Responsible Dataset Creation and Governance: Public Domain 12M
A dataset that puts quality, safety, and consent at the forefront
Spawning is excited to release Public Domain 12M (PD12M)—a fully public domain dataset freely available to download through Hugging Face. Search and view every image in the dataset at Source.Plus.
PD12M is a collection of 12.4 million PD/CC0 image-caption pairs carefully curated to train generative text-to-image models. We also release PD3M, a subset containing the 3.3 million most aesthetically pleasing images from Source.Plus. The images included in the dataset are hosted through AWS Open Data. Archiving the images in this way provides a unique opportunity to precisely modify the dataset over time, resolving data concerns while also maintaining reproducibility.
The datasets are designed to function cleanly with training routines already built around the Conceptual 12M (CC12M) and Conceptual Captions (CC3M) datasets. These popular datasets have been cited nearly 3,000 times. However, sampling of the original CC3M dataset done by Hugging Face found that over 25% of the included images had been opted out of AI training. PD12M and PD3M enable an enormous body of research to be applied while complying with EU requirements outlined in its Directive on Copyright and the Digital Single Market and AI Act.
We used Source.Plus to enrich and curate PD12M from a collection of nearly 40 million PD/CC0 images. These datasets build on Source.Plus’s goal to provide a high-quality alternative to the practice of web scraping for training data that puts data quality, safety, and consent at the forefront.
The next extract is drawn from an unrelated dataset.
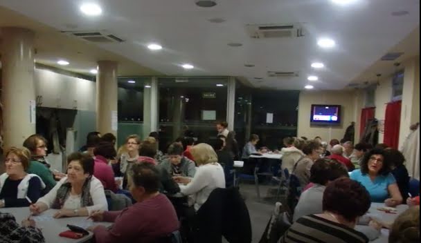 una sesión del juego de bingo con la participación de muchas jubiladas y algún
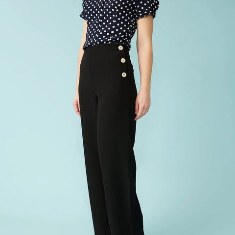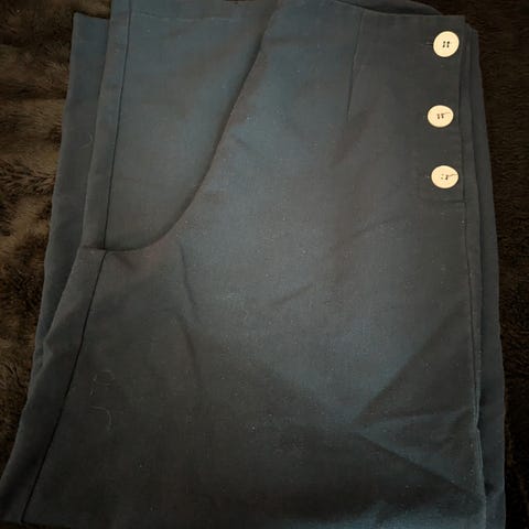 Bukse med glidelås og knapper på siden. Passer fint til smal midje òg timeglassfasong.

The Problem with Web-Scale Datasets
Our work with HaveIBeenTrained.com and supporting rights reservations has highlighted many of the issues that arise with indiscriminate data scraping from the open web, and we’ve seen how those issues start with the datasets themselves:
Lack of consent and compliance due to the inclusion of opted-out and copyrighted materials
Safety concerns due to the inclusion of violent and nsfw content, CSAM, and PII
Poor data quality from low resolution images, inaccurate or insufficient captions, broken links, and vulnerability to other changes to data on the web over time
Externalized egress costs charged to web hosts whenever their data is downloaded
Poor experimental control to compare model training techniques since the underlying data is subject to change over time
Limited ability to make corrections to the dataset
Today, and over a series of posts, we’ll be exploring how the PD12M datasets and Source.Plus address each of these issues. If you want the more technical nitty-gritty, check out the paper on arXiv.
Copyright
PD12M includes only content with known provenance and labeled with clear, unambiguous rights for use in AI training. To this end, we’ve been more restrictive than other Creatives Commons-based datasets by including only works labeled with a public domain mark or CC0 license.
It’s unclear whether AI image-generation can meet the requirements of CC-SA and attribution licenses. Our goal is to remove ambiguity and act in-line with the spirit of these licenses—it’s good data manners.
Quality and safety
We created a range of metadata enrichments that were used to filter the ~40 million images in Source.Plus down to the final 12.4 million images in PD12M.
PD12M was filtered based on:
minimum dimensions and file size
safety model scores
custom aesthetic scores
medium filters, to remove historical documents
human review using semantic, keyword, and metadata search to locate and remove potentially problematic materials such as non-artistic photographic nudity and ethnophaulisms
We also checked everything against the ~2B rights reservations in the Do Not Train registry and found 0 matches.
Fair server costs
We have worked with outside partners, AWS’s Open Data Sponsorship Program, to host the entire ~30TB of image-and-caption data on dedicated cloud storage. This is an important measure to protect cultural heritage institutions from hosting costs and serve strain when the dataset is downloaded.
Experimental control & corrections
Independent cloud storage also protects the dataset from degradation caused by broken links or changing online content. Significantly, it also means that we are able to fully control changes to the dataset and maintain versioning records.
This novel approach to dataset governance allows us to correct any issues that may be found in the datasets. We recognize that, when working at this scale, there will be errors despite taking additional mitigation steps. Which is why it is deeply important for dataset creators to be able to rectify those errors. We’ve designed PD12M so that if a Source.Plus user flags an included image as problematic, we can swap out that image in the datasets for another with similar characteristics.
Significantly, the public-domain status of the dataset is integral to these larger goals. Datasets that include copyrighted images will continue to rely on web-scraping because hosting the images would violate copyright.
Open source data
PD12M and PD3M are fully open source and available under a Community Data License Agreement (CDLA-Permissive-2.0). We invite you to explore the images included in PD12M on Source.Plus along with additional dataset resources and documentation.